Keywords

1 Introduction

An automatic full transcriptions of historical handwritten documents is often negatively affected by both the degenerative conservation state of scanned documents and different writing styles. Thus, Keyword Spotting (KWS) as a more error-tolerant, flexible, and suitable approach has been proposed [1,2,3,4]. KWS refers to the task of retrieving any instance of a given query word in a document. This task is of high relevance due to a global trend towards digitalisation of paper-based archives and libraries. Similar to handwriting recognition, textual KWS can be divided into two different approaches online and offline KWS, respectively. The former has access to temporal information, while the latter is limited to spatial information only. The focus of this paper is on historical documents, and thus, offline KWS, referred to as KWS from now on, can be applied only.

KWS approaches can be divided into template-based or learning-based algorithms. Template-based matching algorithms such as for example Dynamic Time Warping (DTW) [2, 5, 6] directly match sample images of the keyword with document images. Learning-based algorithms [3, 4, 7], on the other hand, derive character or word models from learning samples. The latter typically achieve higher accuracies than template-based approaches but are limited by the need for a considerable amount of learning samples. Template-based approaches, in contrast, require only one or a few keyword instances and are thus more flexible. In this paper, we focus on template-based KWS using different graph representations of handwritten words.

Even though graphs gained noticeable attention in diverse applications [8, 9], we observe only limited attempts where graphs are used to represent handwriting for KWS [10,11,12,13,14]. This is particularly interesting as graphs are, in contrast with feature vectors, flexible enough to adapt their size to the size and complexity of the underlying handwriting. Moreover, graphs are capable to represent binary relationships in the handwriting (e.g. strokes between two keypoints). Overall, graphs offer a more natural and comprehensive way to represent handwritten characters or words when compared to feature vectors. Additionally, various procedure for efficiently evaluating the dissimilarity of graphs, commonly known as graph matching, have been proposed in the last decade [9].

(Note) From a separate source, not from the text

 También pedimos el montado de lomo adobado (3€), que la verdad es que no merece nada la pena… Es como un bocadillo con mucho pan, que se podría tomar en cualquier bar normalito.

Yet, in the case of searching n keywords in a certain document (represented by a set of graphs G), we need to match \(n\times |G|\) pairs of graphs. Even when a fast graph matching procedure is employed, this large amount of matchings can substantially slow down the complete KWS process. To speed up the KWS procedure the number of graph matchings actually carried out, can be reduced by efficiently filtering graphs from G with a low similarity to the current query graph q. This approach is known as fast rejection [3, 5, 7] and the focus of the present paper. That is, we introduce a novel heuristic for fast and accurate filtering of irrelevant document graphs given a certain query graph.

The remainder of this paper is organised as follows. In Sect. 2, the proposed fast rejection approach to speed up graph-based KWS is introduced. The datasets employed as well as the different graph representations are reviewed in Sect. 3. An experimental evaluation and comparison with the original framework is given in Sect. 4. Finally, Sect. 5 concludes the paper and outlines possible future research activities.

2 Fast Rejection of Document Graphs

Given a set of document graphs \(G=\{g_1,\ldots ,g_N\}\) as well as query graph q (used to represent a certain keyword), the process of KWS performs a matching of q with all graphs from G. We employ the Bipartite Graph Edit Distance (BP) [15], and thus observe cubic time complexity for these pairwise dissimilarity computations. The present paper introduces a fast rejection approach in order to substantially reduce the number of document graphs needed to be matched with q. The motivation is to filter document graphs without relevance to the given keyword and thus speeding up the KWS procedure without negatively affecting the retrieval accuracy.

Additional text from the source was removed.